Lucas_Werkmeister_WMDE added a comment.

  In T309445#8055711 <https://phabricator.wikimedia.org/T309445#8055711>, 
@Lucas_Werkmeister_WMDE wrote:
  
  > Also, mysteriously, the “schedule deleteTermsOfEntity” log message seems to 
be missing – not just for this merge, but in general, there are no instances of 
this message after midnight UTC yesterday/today. (The last instances before 
then were at 23:57 UTC, so the cutoff is suspiciously close to midnight – see 
Logstash of this message four hours before+after midnight 
<https://logstash.wikimedia.org/goto/74573b4a79aa0eea25c35307aface569>.)
  
  This is still happening – the “schedule deleteTermsOfEntity” log messages 
vanished starting on the 6th of July and haven’t come back since then.
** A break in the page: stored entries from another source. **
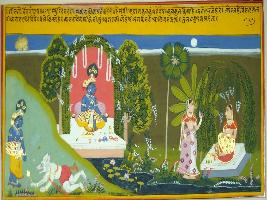 | Description / विवरण | Miniature painting based on Geet Govind depicting Radha and her friend on the left hand side of the painting. She tells to Radha that Krishna defeat a demon named Kuckkumbh, depicted on the left side of the painting, While Krishna is seen seated in the centre of the painting. |
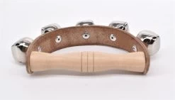 Met deze prachtige bellenkrans aan een lederen band met houten handvat is het heerlijk ritme tikken en met muziek meespelen. Gezien het kleine formaat perfect voor jonge kinderen!
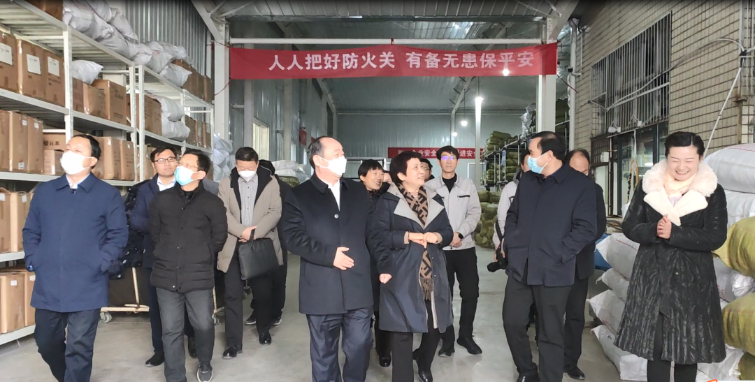 公司董事長郭靜麗陪同縣委、政府領導視察車間年后開工生產情況,匯報公司2023年度生產經營計劃
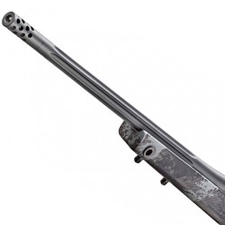 • El preciso cañón flotante de Bergara de este rifle viene con un estriado profundo y un freno de boca omnidireccional, acabado en Sniper Grey Cerakote™
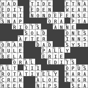 ACROSS 1. Possessed 4. Periodic rise and fall of the sea level 8. Inactive volcano in Sicily 12. Prepare for publication 14. Genesis locale 15. Put on (as clothing) 16. Painter Guido (1575-1642) 17. Unrelated to defense, as in spending 20. Fastener 21. Mouth or opening 22. Parent Teacher Association (abbr.) 23. Debaucheries 27. Singer Murray 29. Disposed of to a purchaser 31. Washington bills 34. Following 35. Lodging establishments 36. NW Algerian seaport 39. June honoree 41. System (abbr.) 42. General guideline 43. Friendly 46. Actor Lugosi 47. One of the Great Lakes 48. Of the mouth 51. Prepares for publication 54. The first octave above the treble staff 56. One more than two 58. Musical composition 61. Happening in regular succession 66. Hindu Mythology: god of death 67. Ship's personnel 68. _ vera 69. Engineer (abbr.) 70. The bottom of a shoe or boot 71. Cuts off 72. Ocean DOWN 1. Possessive pronoun 2. Arabian gulf 3. Middle Eastern gold or silver currency 4. Nine, plus one 5. Wedding promise 6. Lair 7. Inside; within (prefix) 8. She-sheep 9. 3-inch nail 10. Political cartoonist Thomas 11. Type of rug 13. Native american tent (variation) 18. Epoch 19. Air blower 24. Order of Saint Francis (abbr.) 25. Small child 26. Downhill vehicle 28. Annoyingly loud 30. Window treatment 32. Followers of ems 33. Fast jet (abbr.) 34. Approach 36. Globe 37. Sorrow 38. One to whom something is allotted 40. Have the gumption 44. Flaplike covering 45. Luau accessory 49. Small island 50. Cards in a Roman deck? 52. Heavy book 53. Connects, as a bridge 54. Bowlike part 55. Old wives' tales, e.g. 57. _ the terrible 59. Goad 60. "Two Mules for Sister ____" 62. Leather borer 63. Connecticut Ivy Leaguer 64. Chop off 65. Affirmative reply
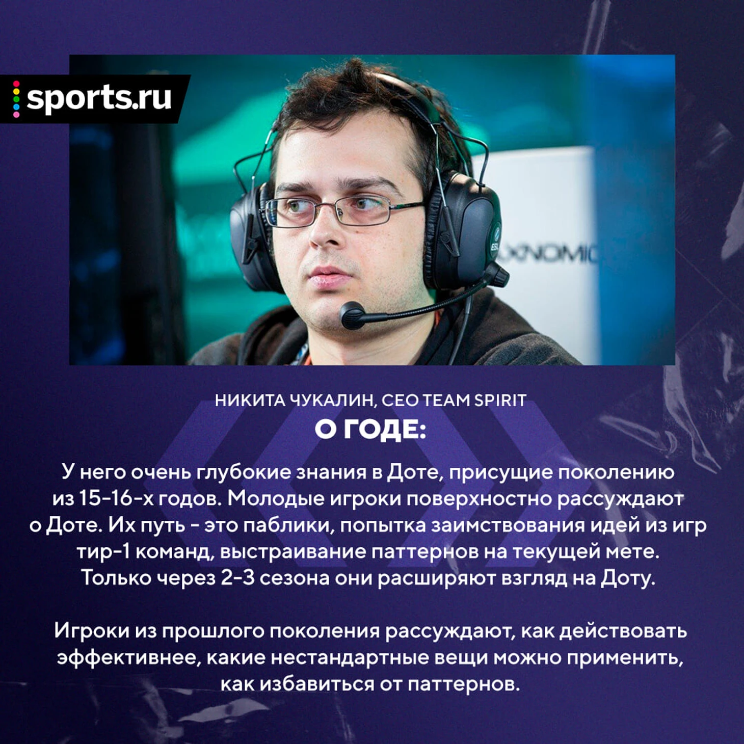 Сережа обладает очень нестандартным подходом к работе в команде, к выстраиванию стратегических и тактических элементов. У него очень глубокие знания в Доте, те самые, которые присущи поколению из 15-16-х годов. Молодые игроки, даже успешные и играющие на мейджорах, довольно поверхностно рассуждают о Доте. Их путь – это паблики, попытка заимствования идей из игр тир-1 команд, выстраивание паттернов на основании текущей меты и только через 2-3 сезона они начинают расширять свой взгляд на доту. Игроки из прошлого поколения стараются больше рассуждать о том, как действовать более эффективно, какие нестандартные вещи можно применить, как избавиться от паттернов в своих тактиках и стратегиях.
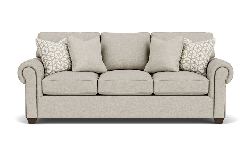A unique wrap-around padded armrest on Carson’s large-scale rolled arm is highlighted with pleats and welt cording. Optional nailhead trim tightly spaced lines the exposed arm fronts for a fun, visual effect. Relax into Carson’s overstuffed seat and back cushions after a long day and feel the stress melt away.

Logstash 
<https://logstash.wikimedia.org/goto/9f1c7ed1b9aebfbfa2fdd58f6c1157f1>
  F35315354: image.png <https://phabricator.wikimedia.org/F35315354>
  I don’t know what to make of this. It looks like the code still runs, in that 
redirects get their term_in_langs deleted.
  
  ---
  
  Found another merge, 3 turn 
<https://www.wikidata.org/w/index.php?title=Q3945846&diff=1675942567&oldid=850742120>.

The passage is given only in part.